ISSN 1308-8483
Kör Nefis, Kör Gırtlak / Tarık Dursun K.
  Yayın Tarihi: 10.8.2010    


Kör Nefis, Kör Gırtlak

Diyet, hastalık yüzünden hastaya bazı yiyecek ve içeceklerin yasak edilmesi olayı imiş. Benim ara tara, bulabildiğim kitaplardan çıkardığım tanım budur.

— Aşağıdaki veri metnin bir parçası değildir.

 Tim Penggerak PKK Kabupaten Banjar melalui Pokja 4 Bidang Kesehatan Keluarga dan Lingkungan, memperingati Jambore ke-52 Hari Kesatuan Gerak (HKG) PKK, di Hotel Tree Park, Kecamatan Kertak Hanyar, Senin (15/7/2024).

Yanı sıra, günümüzde diyet bir anlamda perhiz etmek, sağlıklı oluvermek (ya da hiç değilse öyle görünebilmek) uğruna bir çok “şey”i yememek yerine çok daha değişik “şey”leri yemek demekmiş de.

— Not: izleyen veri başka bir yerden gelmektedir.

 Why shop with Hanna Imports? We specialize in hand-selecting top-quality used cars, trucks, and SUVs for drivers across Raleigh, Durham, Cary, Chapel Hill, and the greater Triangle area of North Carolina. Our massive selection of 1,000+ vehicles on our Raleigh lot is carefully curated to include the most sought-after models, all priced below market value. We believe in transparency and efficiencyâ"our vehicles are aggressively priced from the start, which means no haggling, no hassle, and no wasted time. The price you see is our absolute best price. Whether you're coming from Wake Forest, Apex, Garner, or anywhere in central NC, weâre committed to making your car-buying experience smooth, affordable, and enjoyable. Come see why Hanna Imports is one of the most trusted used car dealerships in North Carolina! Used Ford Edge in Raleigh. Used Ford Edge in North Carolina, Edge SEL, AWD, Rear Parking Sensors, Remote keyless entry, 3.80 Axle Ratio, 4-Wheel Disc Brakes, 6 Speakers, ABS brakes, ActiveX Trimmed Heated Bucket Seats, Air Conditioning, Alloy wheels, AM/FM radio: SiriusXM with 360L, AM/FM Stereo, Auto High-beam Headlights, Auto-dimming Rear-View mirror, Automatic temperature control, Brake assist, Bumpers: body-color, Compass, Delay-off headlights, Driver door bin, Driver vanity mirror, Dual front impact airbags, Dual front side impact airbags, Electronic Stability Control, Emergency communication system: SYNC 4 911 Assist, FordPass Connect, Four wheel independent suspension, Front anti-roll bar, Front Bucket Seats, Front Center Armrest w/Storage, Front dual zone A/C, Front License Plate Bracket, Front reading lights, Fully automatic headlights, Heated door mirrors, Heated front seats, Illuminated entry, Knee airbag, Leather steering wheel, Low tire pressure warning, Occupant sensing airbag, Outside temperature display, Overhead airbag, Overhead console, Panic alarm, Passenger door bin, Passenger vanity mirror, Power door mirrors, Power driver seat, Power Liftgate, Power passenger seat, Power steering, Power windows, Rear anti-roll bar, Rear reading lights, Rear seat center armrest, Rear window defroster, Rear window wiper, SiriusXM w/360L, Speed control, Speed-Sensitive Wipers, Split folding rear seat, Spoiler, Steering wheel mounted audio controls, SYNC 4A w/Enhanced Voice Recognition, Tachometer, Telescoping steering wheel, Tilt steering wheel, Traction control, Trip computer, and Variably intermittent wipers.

İngiliz şair Lord Byron ince, sırım gibi, kendini ve sağlığını gözeten, titiz bir kişiymiş. Günlerini birkaç parça bisküvi ve şişe şişe gazoz (ya da madensuyu) içerek geçirirmiş. Zaman olur, bu sıralamada değişiklik yapar ve sözgelişi çiğ patates, pirinç lapası, haşlama balık ve yine (bıkmadan usanmadan) çiğden sebzeler yermiş. Şairin açlığını bastırma konusunda bulduğu bir başka yöntem de ağzına tıktığı avuç dolusu tütünü habire çiğnemekmiş, o kadar.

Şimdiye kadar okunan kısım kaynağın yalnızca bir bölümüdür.